_id and MongoId can be a source of problems that can make what would seem a trivial operation potentially complicated.
MongoId is not as predictable or safe as mysql's auto increment (an example that most PHP developers will be familiar with). _id is generated by the client rather than the server and so does not guarantee that it will be collision free.
By comparison, server side auto_increment mechanisms that PHP programmers might typically be used to wont collide until every single id had been used and with 64bits you can ensure this will almost never happen. You will also know when your table is getting full, and you can predict the rate. Most importantly, no matter the mechanism, being server side guarantees two clients wont collide. Mongo's behaviour is different to this.
Generally speaking inserting without specifying _id will tend to work, but there are some cases where is can fail or is particularly prone to failure.
The total size I believe is 96 bits. This might seem like a lot but the value is not created randomly.

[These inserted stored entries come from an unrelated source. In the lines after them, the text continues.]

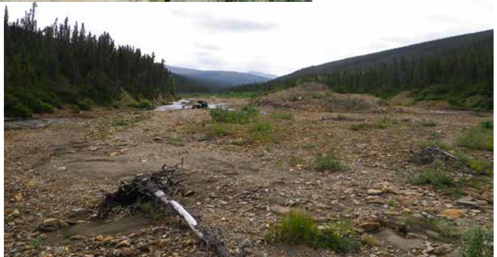
Photo showing lagging recovery timeframes, where full recovery has yet to be realized approximately 20 years after mining ceased (Bachelor Creek, Steese National Conservation Area).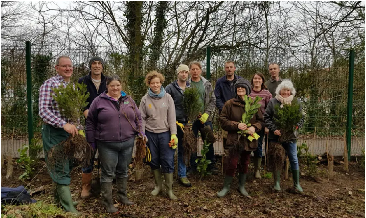
Planting new hedgerow at the museum.

The Food Museum was chosen for its campaign Hedgerow, which demonstrated sustainable thinking at its core.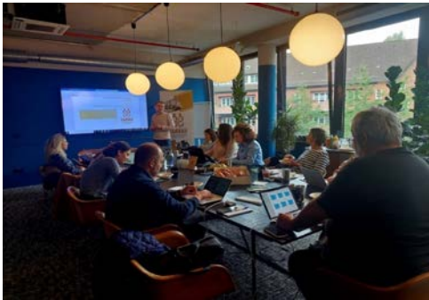
Photo: Transnational partner meeting of the HANNAH consortium in Hamburg, hosted by Centropa, in September.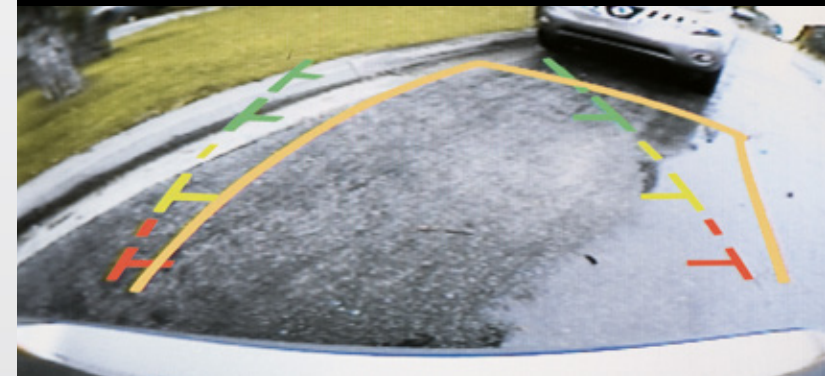
REAR VIEW CAMERA WITH PREDICTIVE PATH TECHNOLOGY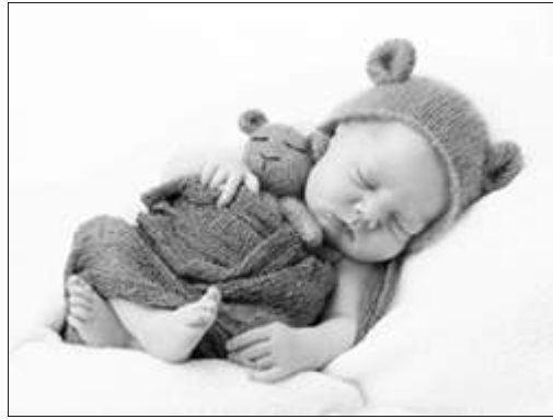
Black and white is very flattering and timeless

It is generated like this:
$unixtime . $machine_id . $pid . $counter
The counter starts from zero and is attached to each instance of MongoClient thus two MongoClient connections to the same server will almost certainly not work (produce a collision):
If MongoWrapper is not using a singleton for the connection or something to the same effect, the second call will most likely have the same unixtime. It will certainly have the same machine_id, pid and counter. The insert will fail.
If you are not using a singleton, this will work:
You may also have difficulties in a multiple machine environment.
machine_id is a hash of gethostname. This is not guaranteed to be unique across machines. Some people do not set hostnames at all. If you do not ensure that your machines all have unique hostnames then if in the same second, two machines run a script that inserts, the second will have a 1 in 2^15 chance of colliding (assuming the most common PID max). Depending on how the system handles pids, the probability may actually be a little less. In short, make sure any host accessing your mongodb has a hostname that is unique among any other host accessing your mongodb.
I've seen some specs specify that counter should start from a random value but I highly recommend against this as it merely hides/obscures the problem.